REPUBLIKA.CO.ID, JAKARTA -- Pasangan Ganjar Pranowo-Mahfud MD memiliki program gastronomi yang bakal diterapkan untuk mendongkrak kualitas gizi, memperbaiki kualitas sumber daya manusia (SDM), dan menggerakkan ekonomi nasional jika memenangkan Pilpres 2024.
Juru Bicara Tim Pemenangan Nasional (TPN) Ganjar-Mahfud, Chico Hakim, menyampaikan, program gastronomi merupakan ide tandingan dari program makan siang dan susu gratis yang diusung pasangan capres dan cawapres Prabowo Subianto-Gibran Rakabuming Raka.
Sebelumnya, cawapres Mahfud mengkritik program makan siang dan bagi susu gratis yang dicanangkan pasangan Prabowo-Gibran. Dia menyebut program itu tak menguntungkan karena mayoritas komponennya, terutama susu, berasal dari impor. Dalam jangka panjang, menurut Mahfud, program itu juga sulit terealisasi.
Sebagai gantinya, Mahfud mengatakan, ia bersama Ganjar punya program bernama gastronomi. Secara teoritis, gastronomi adalah segala sesuatu yang berkaitan dengan seni, praktik, dan kajian tentang pemilihan, preparasi, produksi, penyajian, dan penikmatan berbagai makanan dan minuman.
Menurut Chico, program makan siang gratis cenderung menyeragamkan sumber gizi pada susu dan telur.
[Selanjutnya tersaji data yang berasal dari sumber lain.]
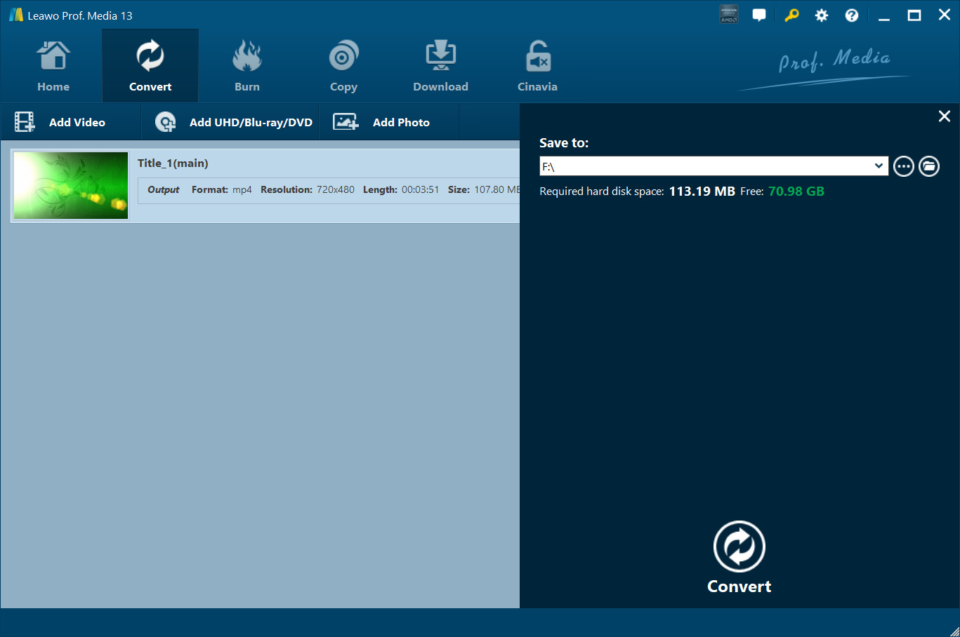 Click on the big green "Convert" button on main interface to pop up a sidebar. On the popup sidebar, set a directory to save the output photo slideshow files in the "Save to" box.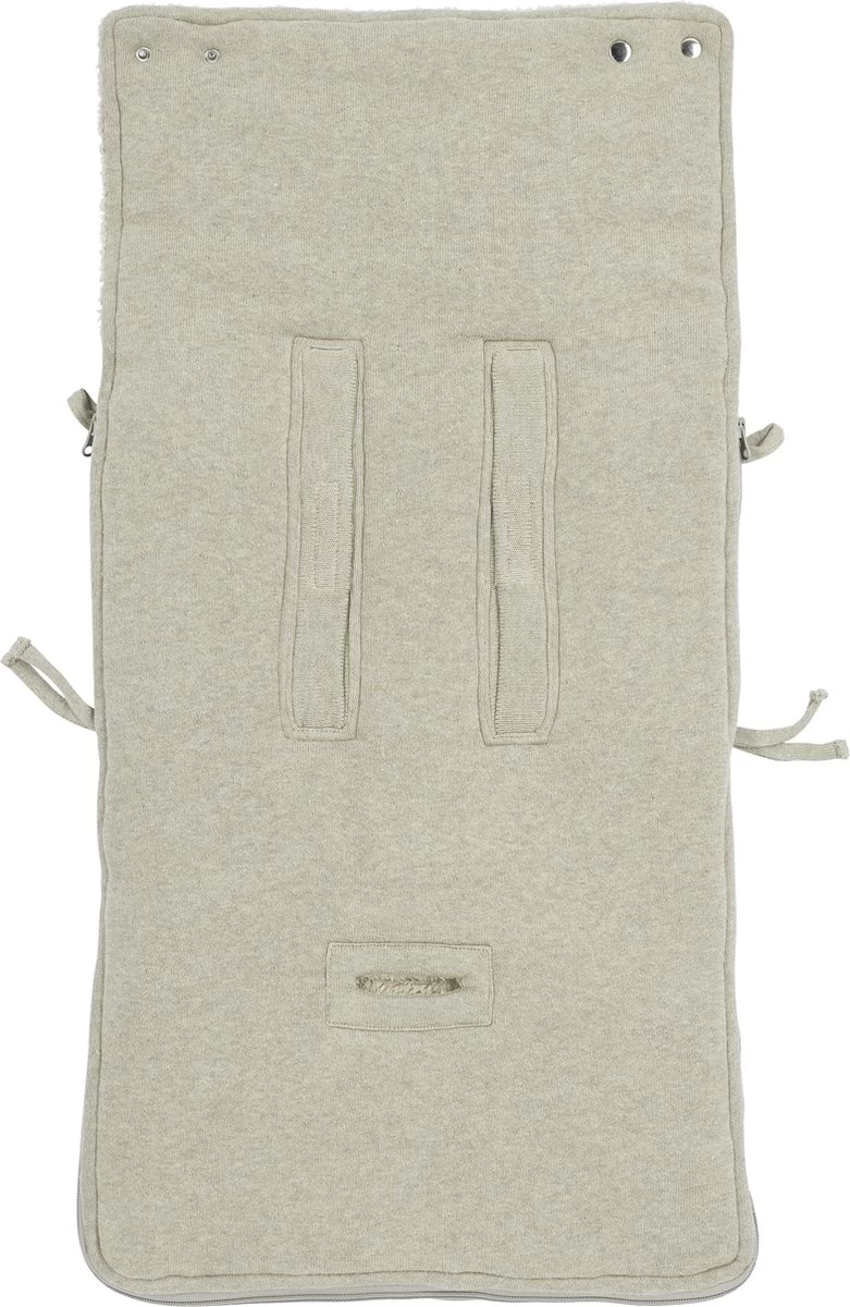 De voetenzak is gemaakt van 100% katoen en voelt hierdoor heerlijk zacht aan en ademt goed. De zak kun je eenvoudig open- en dichtmaken met een rits. Als het te warm wordt, kun je de voetenzak dus even open zetten, bijvoorbeeld als je langere tijd in de auto zit. Handig!

Padahal, komponen pangan bergizi bisa didapat tak hanya dari susu, tetapi juga aneka pangan lokal.
"Sudah banyak studi menunjukkan telur lebih bergizi ketimbang susu. Terus kalau bicara soal laktosa intoleran atau ketidakmampuan untuk sepenuhnya mencerna gula (laktosa) dalam produk susu itu hampir 70 persen orang Asia memiliki laktosa intoleran tersebut," ucap Chico di Jakarta, Selasa (2/1/2023).
Chico menerangkan, gastronomi ala Mahfud merupakan bentuk kearifan lokal suatu daerah pada bahan baku makanan, untuk diramu menjadi pangan. Menurut dia, pasangan Ganjar-Mahfud ingin menghindari penyeragaman pangan dengan dalih pemenuhan gizi.
Sebab, hal itu berpotensi meningkatkan ketergantungan impor karena membuat kebutuhan satu komoditas pangan bergizi menjadi tinggi. "Jangan sampai impor dinaikkan atas nama pemenuhan gizi. Padahal, banyak jenis makanan dari bahan baku lokal yang setara gizinya dengan susu impor, misalnya," ucap Chico.
Dia memahami, ide makan siang dan susu gratis bisa dibenarkan dengan revitalisasi peternak dalam negeri. Namun, masalahnya, kata Chico, sekali pun kebutuhan sapi sangat banyak, saat ini olahan pangan yang berasal dari sapi tetap impor.
Chico pun memandang, gastronomi bakal membuat asupan gizi jadi beragam. Sesuai dengan potensi aneka pangan yang ada di masyarakat. Tinggal nanti, pemerintah membantu pangan lokal naik kelas menjadi lebih bergizi tinggi. "Kalau kita bicara makan siang gratis, apakah nasi harus diberikan kepada orang Papua tiga kali sehari?"
"Jadi, kita jangan juga mengubah gaya hidup orang, sementara gaya hidup itu tidak berarti makanan yang dia asup itu tidak bergizi." Chico menyebut, gastronomi yang berorientasi pada pangan bergizi bakal ditopang dengan pendirian puskesmas kelas C di 50 ribu desa.